→ **Brief**
Take the records below and retype them line by line, from the first line through the one containing "2pcs Artificial Leather"; stop there.

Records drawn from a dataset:
┄┄┄┄┄┄┄┄┄┄┄┄┄┄┄┄┄┄┄┄

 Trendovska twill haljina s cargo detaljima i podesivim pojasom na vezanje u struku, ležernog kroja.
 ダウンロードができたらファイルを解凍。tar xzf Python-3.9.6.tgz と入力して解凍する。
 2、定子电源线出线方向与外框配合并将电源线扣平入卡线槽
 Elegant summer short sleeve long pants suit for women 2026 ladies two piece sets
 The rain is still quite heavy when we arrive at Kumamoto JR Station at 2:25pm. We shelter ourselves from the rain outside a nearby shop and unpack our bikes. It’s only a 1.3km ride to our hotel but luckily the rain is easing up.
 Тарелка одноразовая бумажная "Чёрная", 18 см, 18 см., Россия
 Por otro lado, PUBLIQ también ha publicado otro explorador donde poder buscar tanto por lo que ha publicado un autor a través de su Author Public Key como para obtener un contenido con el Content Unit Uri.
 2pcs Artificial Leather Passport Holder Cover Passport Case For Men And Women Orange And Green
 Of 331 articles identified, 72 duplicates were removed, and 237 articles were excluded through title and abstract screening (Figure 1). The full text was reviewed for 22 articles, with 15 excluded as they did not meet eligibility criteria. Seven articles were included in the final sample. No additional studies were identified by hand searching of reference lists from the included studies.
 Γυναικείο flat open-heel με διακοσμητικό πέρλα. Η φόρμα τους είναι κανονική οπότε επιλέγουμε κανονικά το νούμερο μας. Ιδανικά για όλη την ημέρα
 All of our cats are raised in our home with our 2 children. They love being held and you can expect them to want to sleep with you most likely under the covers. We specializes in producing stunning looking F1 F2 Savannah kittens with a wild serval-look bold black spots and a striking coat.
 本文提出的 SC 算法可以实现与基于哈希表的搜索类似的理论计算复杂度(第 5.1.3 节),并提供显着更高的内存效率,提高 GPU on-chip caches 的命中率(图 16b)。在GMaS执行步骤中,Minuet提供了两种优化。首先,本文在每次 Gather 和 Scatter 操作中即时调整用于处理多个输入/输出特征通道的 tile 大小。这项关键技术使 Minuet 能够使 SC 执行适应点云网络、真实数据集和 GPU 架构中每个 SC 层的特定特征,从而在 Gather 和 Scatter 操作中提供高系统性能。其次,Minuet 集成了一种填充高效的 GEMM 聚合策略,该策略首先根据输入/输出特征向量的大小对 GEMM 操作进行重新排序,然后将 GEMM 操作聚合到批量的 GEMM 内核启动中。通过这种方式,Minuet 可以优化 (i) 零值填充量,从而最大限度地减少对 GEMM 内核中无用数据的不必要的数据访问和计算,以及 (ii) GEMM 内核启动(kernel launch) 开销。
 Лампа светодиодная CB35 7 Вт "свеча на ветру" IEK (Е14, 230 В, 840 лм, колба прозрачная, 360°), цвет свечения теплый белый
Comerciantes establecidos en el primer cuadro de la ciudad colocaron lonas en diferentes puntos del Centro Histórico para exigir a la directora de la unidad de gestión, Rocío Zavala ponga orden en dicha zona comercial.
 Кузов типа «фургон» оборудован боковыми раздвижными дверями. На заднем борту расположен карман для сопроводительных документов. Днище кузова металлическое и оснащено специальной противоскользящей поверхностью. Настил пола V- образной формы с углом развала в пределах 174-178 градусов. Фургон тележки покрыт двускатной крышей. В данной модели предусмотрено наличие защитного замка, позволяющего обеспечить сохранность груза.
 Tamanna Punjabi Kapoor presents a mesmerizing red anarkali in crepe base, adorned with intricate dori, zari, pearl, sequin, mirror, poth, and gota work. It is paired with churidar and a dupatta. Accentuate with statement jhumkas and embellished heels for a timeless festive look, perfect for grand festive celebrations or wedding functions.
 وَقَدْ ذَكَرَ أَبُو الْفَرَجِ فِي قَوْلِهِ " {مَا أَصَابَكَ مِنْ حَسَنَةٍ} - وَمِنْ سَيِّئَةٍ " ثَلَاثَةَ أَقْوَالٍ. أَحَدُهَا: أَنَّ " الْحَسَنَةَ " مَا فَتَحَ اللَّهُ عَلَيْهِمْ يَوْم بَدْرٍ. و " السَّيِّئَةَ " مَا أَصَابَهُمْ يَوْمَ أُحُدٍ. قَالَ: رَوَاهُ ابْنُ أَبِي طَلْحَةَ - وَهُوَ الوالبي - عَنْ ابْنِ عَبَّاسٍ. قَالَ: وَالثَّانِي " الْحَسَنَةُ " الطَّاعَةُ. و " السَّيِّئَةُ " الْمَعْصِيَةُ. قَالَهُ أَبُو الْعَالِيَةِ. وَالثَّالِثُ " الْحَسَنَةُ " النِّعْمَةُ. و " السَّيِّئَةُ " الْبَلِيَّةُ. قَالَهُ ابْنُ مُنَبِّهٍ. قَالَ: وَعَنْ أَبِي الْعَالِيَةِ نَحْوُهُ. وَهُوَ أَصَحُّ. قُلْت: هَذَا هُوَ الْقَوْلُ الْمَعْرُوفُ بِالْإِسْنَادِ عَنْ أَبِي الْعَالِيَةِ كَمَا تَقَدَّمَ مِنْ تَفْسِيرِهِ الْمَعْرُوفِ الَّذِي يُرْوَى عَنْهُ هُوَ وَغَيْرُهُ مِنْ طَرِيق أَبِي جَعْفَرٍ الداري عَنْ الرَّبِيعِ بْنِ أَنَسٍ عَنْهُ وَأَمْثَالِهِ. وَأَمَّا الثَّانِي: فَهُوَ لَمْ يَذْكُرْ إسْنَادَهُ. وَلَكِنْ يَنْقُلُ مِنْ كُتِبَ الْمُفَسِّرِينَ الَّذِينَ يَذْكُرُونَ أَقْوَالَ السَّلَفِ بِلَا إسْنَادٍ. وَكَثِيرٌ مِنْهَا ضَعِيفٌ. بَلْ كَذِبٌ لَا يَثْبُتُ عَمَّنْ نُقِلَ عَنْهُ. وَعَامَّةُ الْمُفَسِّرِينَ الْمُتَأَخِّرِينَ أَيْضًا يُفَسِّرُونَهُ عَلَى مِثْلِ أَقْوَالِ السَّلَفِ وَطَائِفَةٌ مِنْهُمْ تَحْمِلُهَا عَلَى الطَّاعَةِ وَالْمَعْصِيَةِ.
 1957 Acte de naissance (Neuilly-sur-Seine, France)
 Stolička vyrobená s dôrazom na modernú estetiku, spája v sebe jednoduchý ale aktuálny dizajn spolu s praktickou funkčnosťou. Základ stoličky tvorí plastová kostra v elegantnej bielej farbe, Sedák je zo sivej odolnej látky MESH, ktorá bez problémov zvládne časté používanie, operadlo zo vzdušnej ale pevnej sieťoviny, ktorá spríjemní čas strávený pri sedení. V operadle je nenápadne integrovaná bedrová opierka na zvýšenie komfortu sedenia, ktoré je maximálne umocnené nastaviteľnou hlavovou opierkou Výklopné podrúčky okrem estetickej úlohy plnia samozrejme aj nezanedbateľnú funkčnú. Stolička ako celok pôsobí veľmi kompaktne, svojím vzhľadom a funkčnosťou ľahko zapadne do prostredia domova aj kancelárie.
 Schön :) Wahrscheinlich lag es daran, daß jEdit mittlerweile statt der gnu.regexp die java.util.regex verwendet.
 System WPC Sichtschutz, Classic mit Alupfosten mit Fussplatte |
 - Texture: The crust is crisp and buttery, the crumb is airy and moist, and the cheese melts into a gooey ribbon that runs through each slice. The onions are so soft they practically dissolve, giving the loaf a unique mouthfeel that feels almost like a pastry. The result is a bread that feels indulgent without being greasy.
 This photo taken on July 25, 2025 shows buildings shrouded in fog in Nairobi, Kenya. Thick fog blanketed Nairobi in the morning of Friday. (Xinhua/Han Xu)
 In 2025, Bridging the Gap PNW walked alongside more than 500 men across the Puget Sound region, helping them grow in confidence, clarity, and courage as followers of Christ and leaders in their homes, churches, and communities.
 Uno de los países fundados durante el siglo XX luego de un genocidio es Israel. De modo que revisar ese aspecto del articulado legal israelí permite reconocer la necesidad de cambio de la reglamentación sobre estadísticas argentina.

┄┄┄┄┄┄┄┄┄┄┄┄┄┄┄┄┄┄┄┄

→ **The completed task**
 Trendovska twill haljina s cargo detaljima i podesivim pojasom na vezanje u struku, ležernog kroja.
 ダウンロードができたらファイルを解凍。tar xzf Python-3.9.6.tgz と入力して解凍する。
 2、定子电源线出线方向与外框配合并将电源线扣平入卡线槽
 Elegant summer short sleeve long pants suit for women 2026 ladies two piece sets
 The rain is still quite heavy when we arrive at Kumamoto JR Station at 2:25pm. We shelter ourselves from the rain outside a nearby shop and unpack our bikes. It’s only a 1.3km ride to our hotel but luckily the rain is easing up.
 Тарелка одноразовая бумажная "Чёрная", 18 см, 18 см., Россия
 Por otro lado, PUBLIQ también ha publicado otro explorador donde poder buscar tanto por lo que ha publicado un autor a través de su Author Public Key como para obtener un contenido con el Content Unit Uri.
 2pcs Artificial Leather Passport Holder Cover Passport Case For Men And Women Orange And Green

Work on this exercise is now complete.